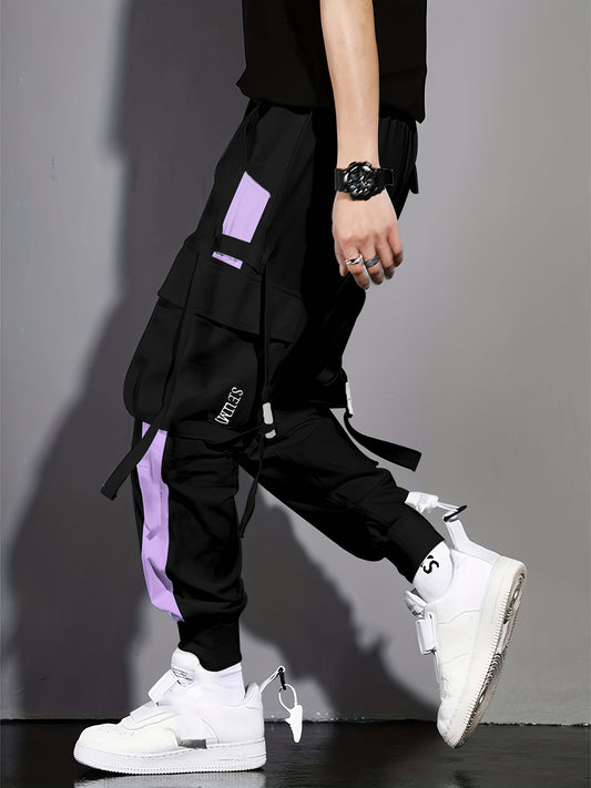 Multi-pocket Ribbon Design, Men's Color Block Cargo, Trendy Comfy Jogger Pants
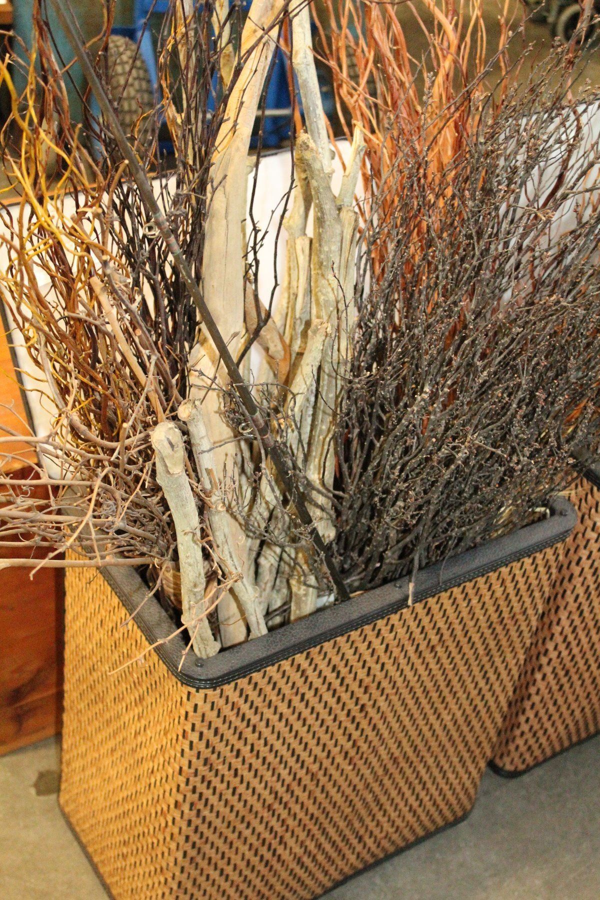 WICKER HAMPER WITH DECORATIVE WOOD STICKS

...

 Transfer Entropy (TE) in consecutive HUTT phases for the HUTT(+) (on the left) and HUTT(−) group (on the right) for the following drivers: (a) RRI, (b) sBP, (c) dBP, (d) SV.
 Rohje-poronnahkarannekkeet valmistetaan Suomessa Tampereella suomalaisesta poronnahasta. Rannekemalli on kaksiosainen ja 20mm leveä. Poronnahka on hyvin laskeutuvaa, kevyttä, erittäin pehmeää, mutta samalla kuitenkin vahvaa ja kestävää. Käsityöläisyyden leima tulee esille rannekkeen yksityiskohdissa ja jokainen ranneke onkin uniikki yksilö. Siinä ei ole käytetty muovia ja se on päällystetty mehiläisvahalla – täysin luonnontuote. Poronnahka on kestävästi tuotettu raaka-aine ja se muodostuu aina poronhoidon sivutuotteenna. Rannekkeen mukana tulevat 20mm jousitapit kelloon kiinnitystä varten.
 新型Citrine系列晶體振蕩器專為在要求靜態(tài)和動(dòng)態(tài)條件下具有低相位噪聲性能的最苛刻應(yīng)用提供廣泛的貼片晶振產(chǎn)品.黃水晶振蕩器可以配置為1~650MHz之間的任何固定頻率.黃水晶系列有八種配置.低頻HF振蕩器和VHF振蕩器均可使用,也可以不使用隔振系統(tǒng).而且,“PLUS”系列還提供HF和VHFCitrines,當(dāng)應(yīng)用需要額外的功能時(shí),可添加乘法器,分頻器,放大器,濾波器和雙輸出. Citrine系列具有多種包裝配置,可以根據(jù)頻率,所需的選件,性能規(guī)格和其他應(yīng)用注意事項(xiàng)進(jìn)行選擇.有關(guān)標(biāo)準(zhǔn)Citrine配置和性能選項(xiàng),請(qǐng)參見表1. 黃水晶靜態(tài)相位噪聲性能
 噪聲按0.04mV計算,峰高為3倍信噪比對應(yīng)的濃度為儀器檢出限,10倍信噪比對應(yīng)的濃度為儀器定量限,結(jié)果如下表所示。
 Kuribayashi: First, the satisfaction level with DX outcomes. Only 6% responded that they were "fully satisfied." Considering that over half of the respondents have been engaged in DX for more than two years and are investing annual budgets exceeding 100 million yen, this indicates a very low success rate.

• [Exercise directions]
Show all lines from the listing above in which "yīng" appears.

• [Problem solution]
 新型Citrine系列晶體振蕩器專為在要求靜態(tài)和動(dòng)態(tài)條件下具有低相位噪聲性能的最苛刻應(yīng)用提供廣泛的貼片晶振產(chǎn)品.黃水晶振蕩器可以配置為1~650MHz之間的任何固定頻率.黃水晶系列有八種配置.低頻HF振蕩器和VHF振蕩器均可使用,也可以不使用隔振系統(tǒng).而且,“PLUS”系列還提供HF和VHFCitrines,當(dāng)應(yīng)用需要額外的功能時(shí),可添加乘法器,分頻器,放大器,濾波器和雙輸出. Citrine系列具有多種包裝配置,可以根據(jù)頻率,所需的選件,性能規(guī)格和其他應(yīng)用注意事項(xiàng)進(jìn)行選擇.有關(guān)標(biāo)準(zhǔn)Citrine配置和性能選項(xiàng),請(qǐng)參見表1. 黃水晶靜態(tài)相位噪聲性能
 噪聲按0.04mV計算,峰高為3倍信噪比對應(yīng)的濃度為儀器檢出限,10倍信噪比對應(yīng)的濃度為儀器定量限,結(jié)果如下表所示。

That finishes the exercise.